In the Malignancy and Low Molecular Weight Heparin Therapy (MALT), trial reported by Klerk et al., approximately 300 patients with incurable solid tumors were randomly assigned to the low molecular weight heparin or placebo for 6 weeks. A statistically significant improvement in overall survival was observed for LMWH relative to placebo. The reduction in mortality was also in favor of LMWH in the subgroup of patients who were identified as having a life expectancy of greater than 6 months(18).
The CONKO-004 trial found a 87% risk reduction of VTE using enoxaparin at 1 mg/kg once daily for 3 months compared to no prophylaxis (9.9% vs. 1.3%), while the FRAGEM study reported a 62% risk reduction in VTE using the CLOT therapeutic regimen of dalteparin (31% vs. 12%)(11,19,20).
A multicentre study demonstrated that a high prophylactic dosage of LMWH( 2500UI versus 5000UI) increases the protective effect without enhancing the bleeding risk(9,21).

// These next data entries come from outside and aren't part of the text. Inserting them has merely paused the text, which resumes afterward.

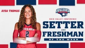 Congratulations to Asya Thomas, who’s been named the Ohio Valley Conference Setter AND Freshman of the Week after an incredible performance in USI’s sweep of Eastern Illinois! Thomas racked up 70 assists, 20 digs and 5 kills over the weekend.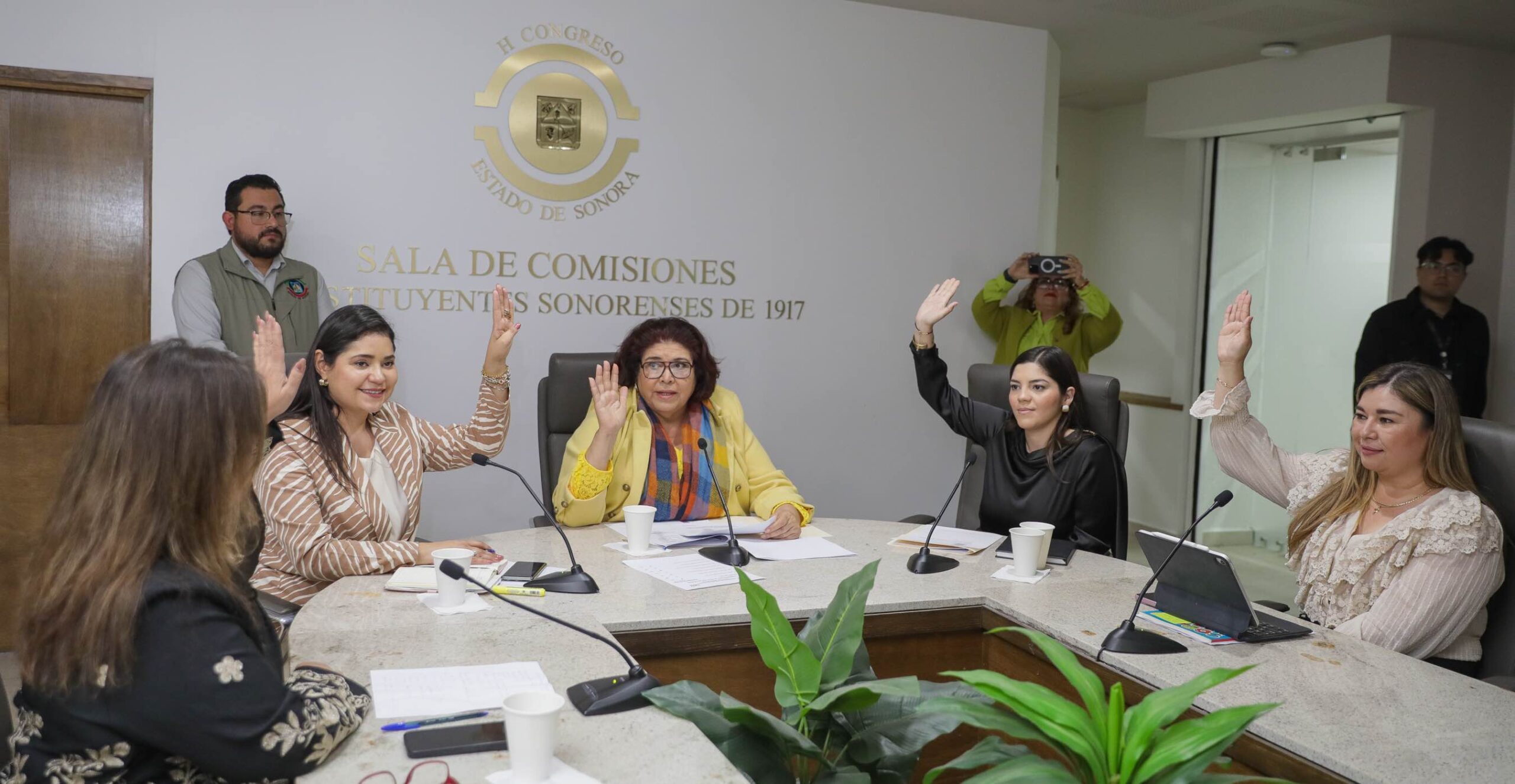 La legisladora Alicia Gaytán Sánchez (Morena), presidenta de la comisión, sometió a consideración de las diputadas Amairany Peña Escalante (PES), Jazmín Gómez Lizárraga (PT), Deni Gastélum Barreras (Morena) y Ana Gabriela Tapia Fonllem (PRD) el documento correspondiente.
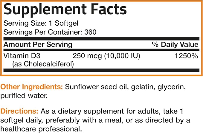 - Healthy Immune Support: Vitamin D3 10,000 IU softgels help to support a healthy immune system, strong bones, muscles, teeth, and more.* Our once daily D3 softgels are easy to swallow and help to replicate the benefits of the natural sunshine without sun exposure.

A recent meta-analysis evaluated the anticoagulant treatment on survival in cancer patients without VTE, finding a significant reduction in overall mortality with anticoagulant therapy. The clinical effect was most pronounced for LMWH, which produced a relative risk reduction in mortality of 13.3% compared with a non-significant reduction with warfarin of 5.8%(9,22).
The aim of the anticoagulant treatment in cancer patients is to prevent recurrence, extension and complications of venous thromboembolism while minimizing the risk of major bleeding.
In cases carefully selected, long-term therapy with LMWH is the alternative for the oral anticoagulation therapy.